A 12 % improvement, easily obtained, is never considered marginal -- Donald Knuth

I’ve been writing articles about performance in .NET for several years but I frequently find in the comments the famous quote from the Donald Knuth’s paper “Structured Programming with go to Statements”:

We should forget about small efficiencies, say about 97% of the time: premature optimization is the root of all evil.

If you prioritize aspects that truly impact programming, I strongly suggest watching this keynote by Scott Meyers. As the author of my favorite programming books, the “Effective C++” series, his insights have profoundly transformed my approach to programming.

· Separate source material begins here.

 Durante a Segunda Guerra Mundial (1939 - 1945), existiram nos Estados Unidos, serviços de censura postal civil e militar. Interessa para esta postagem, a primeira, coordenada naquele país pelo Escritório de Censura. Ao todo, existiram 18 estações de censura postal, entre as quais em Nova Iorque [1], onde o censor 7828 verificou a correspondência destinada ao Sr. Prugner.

In the first part of this keynote Scott focus on performance. He starts by enumerating several types of systems where performance is essential: embedded systems, mobile devices, operating systems, libraries, servers, games and virtual reality. Some need performance to be usable. For some, performance means lower costs. There’s also an environmental impact. The more performant the application is, less servers it requires, less electricity, resulting in smaller datacenters. Still, performance is ignored by most and viewed as secondary.

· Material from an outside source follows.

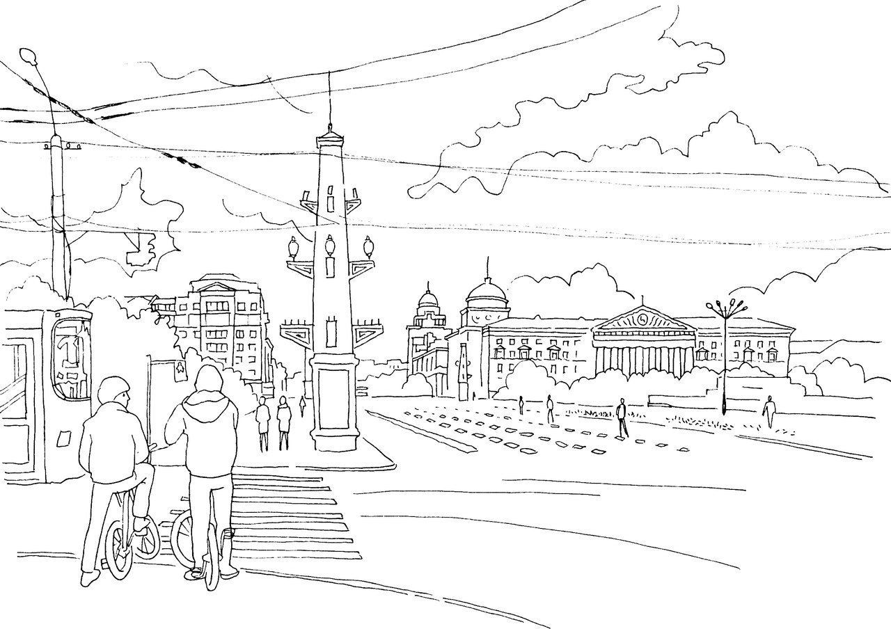 ![Площадь Ленина Чита карандашом]()

Scott points out that on the same page of the same paper, there’s also this phrase:

In established engineering disciplines a 12 % improvement, easily obtained, is never considered marginal;

If you know that there’s an easy way to get better performance, you should not ignore it.

Writing code that performs well usually means applying the same “recipes” over and over again. Most of these are very simple and can be considered “easily obtained”.

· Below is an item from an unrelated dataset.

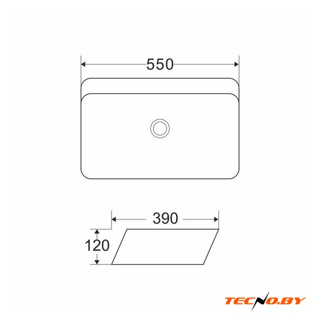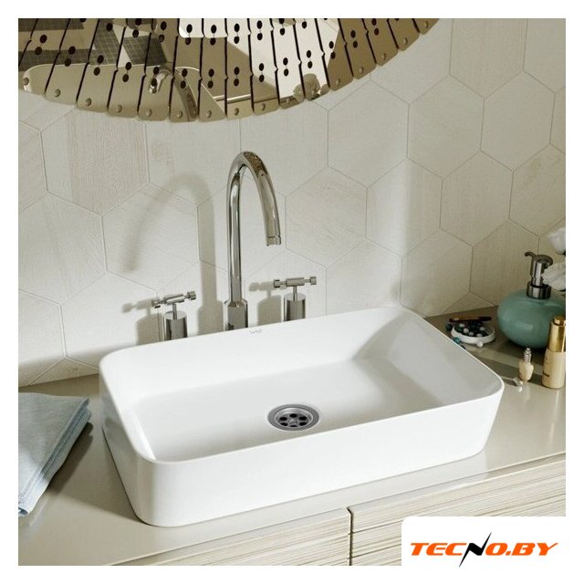 55x45 см, с одной чашей, накладной, фарфор, крепление на столешницу

I once worked on a project that processed the data from a call center. It was developed by someone else that had already left the company and it was taking 2 hours to process the data. At the end of those 2 hours, the data analysts would find that something was wrong or missing. The code had to be fixed and they had to wait two more hours to validate it again. It was unbearable.

The source was nice “clean code” with lots of LINQ queries. I analysed the code, refactored it and quickly reduced the processing time to 20 minutes.

I do love well-structured source code, but performance should never be ignored.

To be honest, I didn’t pay much attention to the performance of enumerables up until then. I then started noticing the same bad patterns in many other places. In my own code, in code from job interviews, in blog posts. I also didn’t find much information about performance of enumerables in .NET.

I’m far from an expert on performance. I just like to learn and try to apply it the best I can to my work. I started writing articles to help me structure my thoughts. These are references for myself, and hopefully for others too. I also hope this works as validation. In case I got it wrong, I want to learn from the comments.

The challenge is that developers need to know that there are “better” ways of implementing a certain task. If they don’t know, they won’t apply it. This knowledge depends on learning from the experts in several fields. It can be found in books, blog posts, conferences, videos, pull requests, or simply in tweets.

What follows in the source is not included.